Secular Sobriety: Combining Religion and Rehab
In many aspects, religious rehab centers are much like non-religious facilities. They follow many of the same general patterns of treatment; the big difference is the focus on spiritual matters.
While secular facilities don’t address spiritual concerns during treatment, spiritual matters are integrated as a major part of the process in religious rehab centers.
What’s the Same?
As with non-faith-based centers, the treatment process at a religious rehab facility typically begins with a thorough assessment. Your history, current situation, health and goals are reviewed to establish the best plan of care.
As with non-faith-based centers, the treatment process at a religious rehab facility typically begins with a thorough assessment.Before entering a generalized treatment program, your body must be medically stable and free of drugs.

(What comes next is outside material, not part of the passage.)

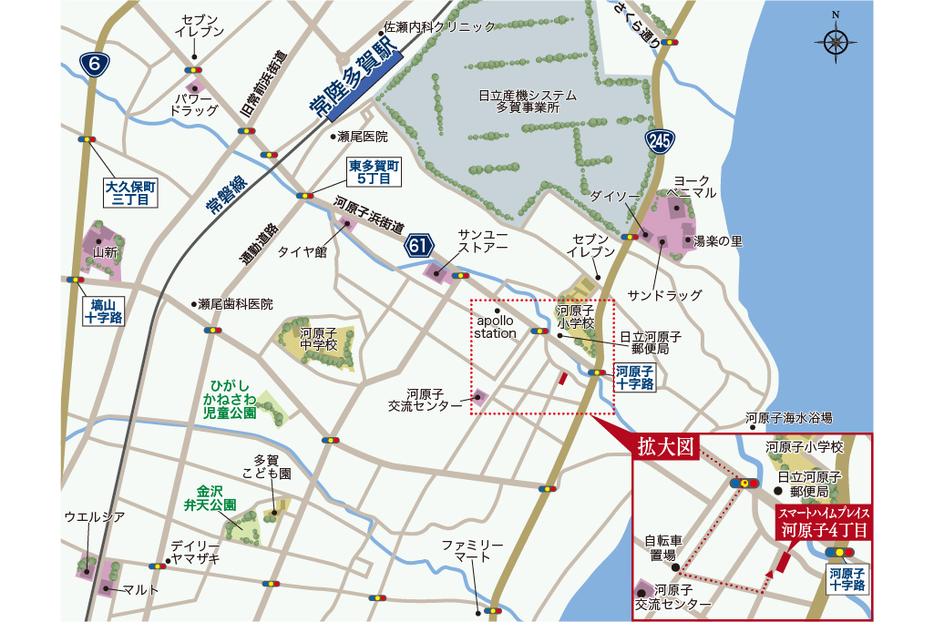 - JR常磐線「常陸多賀」駅まで徒歩16分~17分(約1280m~1310m)

If needed, you’ll undergo a medically supervised detox program.
Following detox, intensive education, counseling and support sessions will provide you with the basic tools and guidance you’ll need on the road to recovery.
Upon completion of the program, support services and a detailed aftercare plan are set in motion, providing you with the things you’ll need to thrive in sobriety.

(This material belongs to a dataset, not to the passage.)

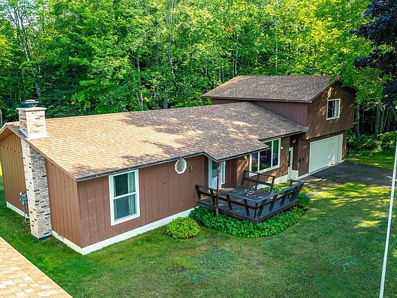 PORTAGE TOWNSHIP – This two-bedroom, two-bathroom ranch-style residence is situated on approximately 12.12+/- acres in a desirable township location just outside the City of Houghton and roughly three miles from Michigan Technological University. The main floor features two bedrooms, a full bathroom, a comfortable living area with an electric fireplace, a dining area, a well-appointed kitchen, and a finished porch providing additional living space. The predominantly finished lower level offers a family room with a bar/recreation area and a second electric fireplace. The laundry facilities are located within the lower-level three-quarter bathroom. The grounds are parklike, featuring a seasonal creek, mature wooded areas, and a cleared backyard. This property enjoys convenient proximity to the City of Houghton, waterfront trails, downtown amenities, Walmart, and Michigan Technological University. Additional highlights include a front deck and an attached two-car garage with a loft or bonus room above. Road frontage and acreage figures are estimates based on tax records and available mapping applications. Please note, the lower-level bathroom/laundry lacks a radiator but remains reasonably warm year-round. Both the house and garage received new shingles approximately two years ago, and a hot water baseboard heating system was installed about four years ago. Property was surveyed in 11/2025 and a copy is available for review. Property is flagged. NOTICE: All information believed accurate but not warranted. Buyer recommended to inspect & verify all aspects of the property & bears all risks for any inaccuracies including but not limited to estimated acreage, lot location/size, square footage, utilities (availability & costs associated). Real estate taxes are subject to change (possibly significant) & municipality reassessment after sale. Buyer should NOT assume that buyer’s tax bills will be similar to the seller’s current tax bills. Parent parcel included additional land not included in this listing. Taxes are not zero. Audio/video recording devices may be present on property and entering the property shall be considered consent to be recorded. OFFERS: 72 hours response time requested on offers. Seller, at seller's sole discretion, with or without notice, reserves the right to set and/or modify offer submission & response deadlines.

Where the recovery path diverges in religious rehab centers is that third step. In religious facilities, the education, counseling and support provided have a largely spiritual focus, with an emphasis placed on spiritual healing and religious practices.
Christian rehab centers offer training based on the Bible, counseling based on Christ and support based in the church. A relationship with God, through Jesus Christ, is the foundational basis of recovery. All teaching and counseling methods incorporate Christian beliefs and encourage you to turn to God when struggling on the road to recovery.
One example of a faith-based program is Teen Challenge, a Christian-based organization with more than 200 programs throughout the U.S.
The Teen Challenge affirmation is as follows:
“We are confident that a restored relationship with God, through Jesus Christ, can transform those who are broken into vibrant, free, and sober people.”
As with most Christian programs, treatment includes classes, individual study, mentoring, training and involvement in the Christian community. The goal is to replace old patterns of behavior and thinking with a new life in Christ, which incorporates Biblical principles for living.
A second difference with faith-based recovery is seen in the after-care programs. Christian centers tend offer stronger support services after graduating inpatient treatment. Involvement with the church is heavily encouraged; here you’ll receive continued accountability, support, prayer and other practical services for day-to-day living in recovery.
What’s the Controversy?
Not everyone is comfortable with the religious aspect of faith-based treatment programs. Some may feel certain belief systems are being “forced” upon them.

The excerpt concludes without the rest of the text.